The prime minister’s party, United Russia, lost a majority in four of eight regional legislatures in March 15 elections. His approval rating has is still high (73%) according to a state-owned polling agency — but it is at an all-time low (49%) according to an independent group.
Most striking in authoritarian Russia is an upswell in protests. Some are unsanctioned, or in other words, riots.
The biggest rally so far came last month in Kaliningrad, a small Western exclave that has the misfortune of being located just north of Germany, where downtrodden Russians have a clear view onto the heightened living standards of their European neighbours. Some 10,000 people turned out to protest the policies of Putin and the local governor. “In our country, there will be another Kaliningrad,” Nemtsov said.
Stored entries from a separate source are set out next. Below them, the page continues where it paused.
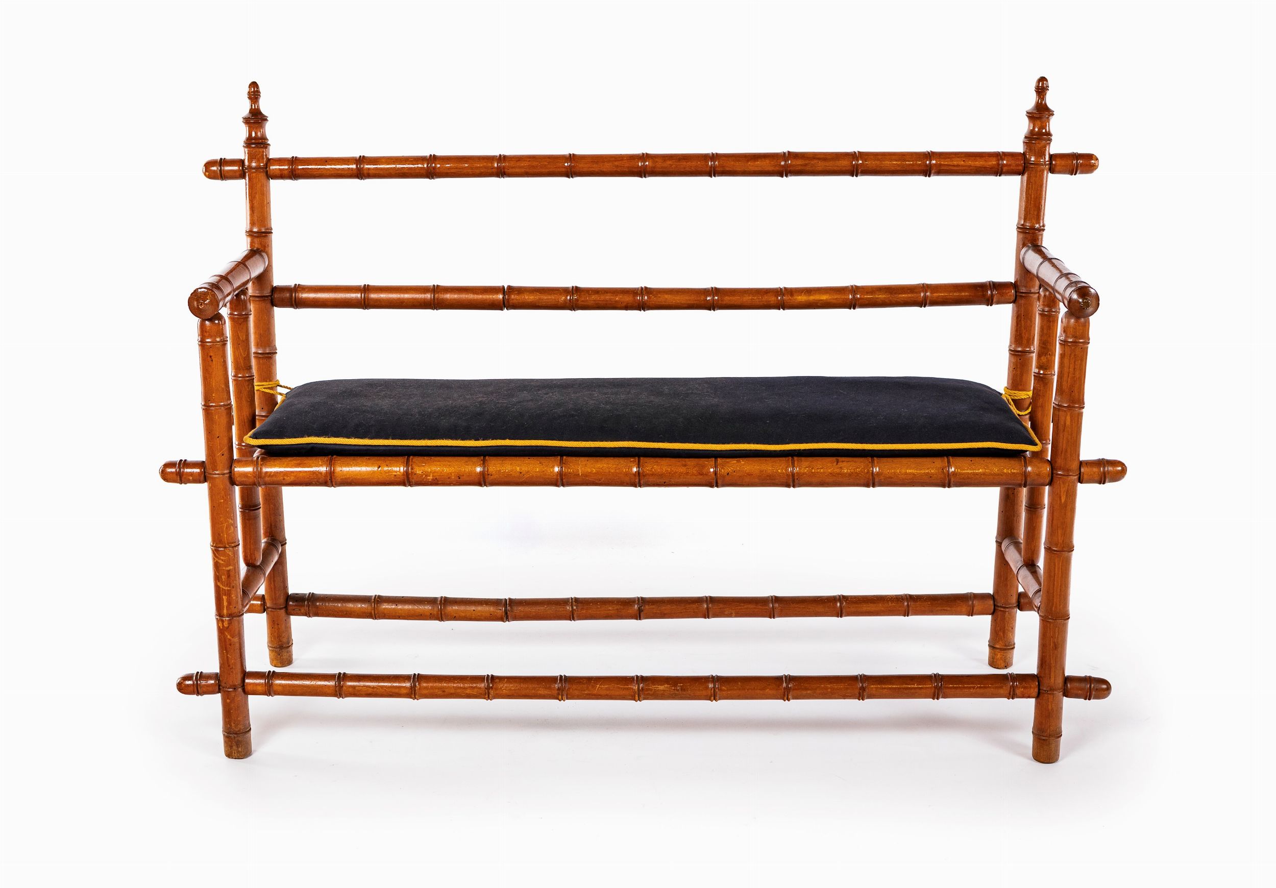 struttura a giorno di linea squadrata in legno tornito ad imitazione del bambù e sedili sormontati da cuscino
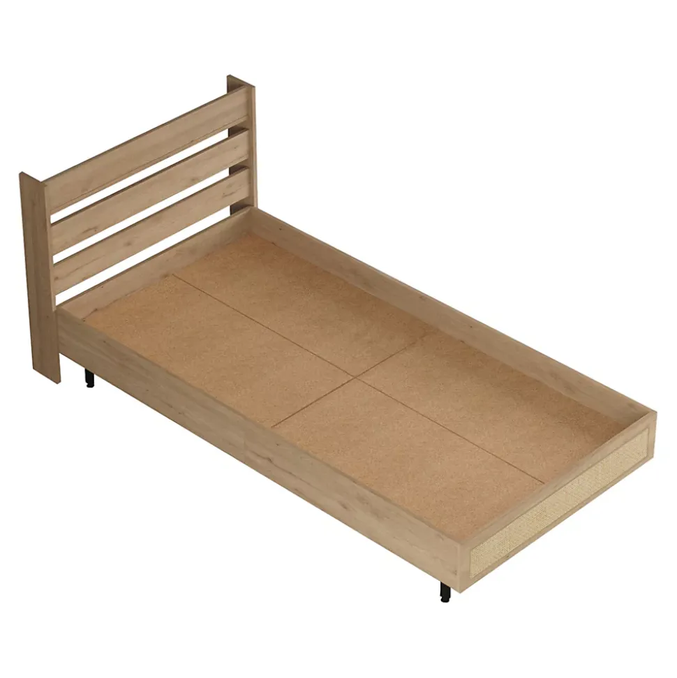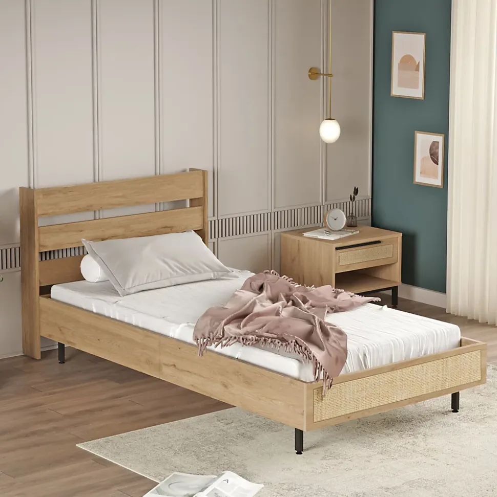 - Design Élégant et Polyvalent : Ce lit simple allie élégance et simplicité, avec un cadre en effet chêne et une façade de pied de lit en aspect rotin, s’intégrant parfaitement dans n’importe quel style de décoration, du moderne au classique.
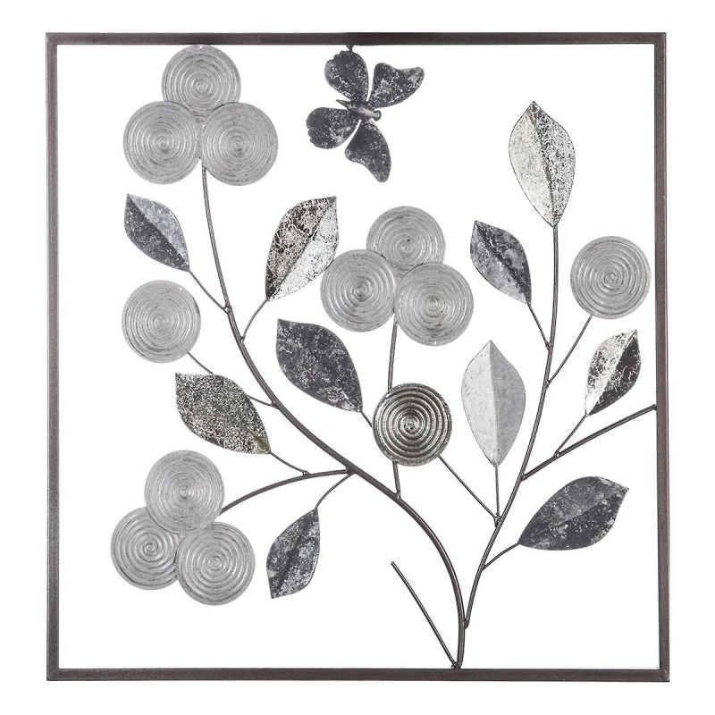 La tendance est à la déco en métal. Motif arbre stylisé avec feuilles, fleurs et papillon.

United Russia has been visibly shaken by the increasing discontent. It has launched a loud campaign to lower utilities prices, and scrambled into action to prevent another protest in Kaliningrad. “They don’t understand how to behave or what to do,” said Kynev, the political analyst. “They’re in hysterics, and lying like madmen. hey’re trying to say all is well, but it’s clearly not. Numbers are numbers.”
What’s scary is that the most viable challenger to United Russia is still the Communist Party, which has picked up legislative seats and organised protests.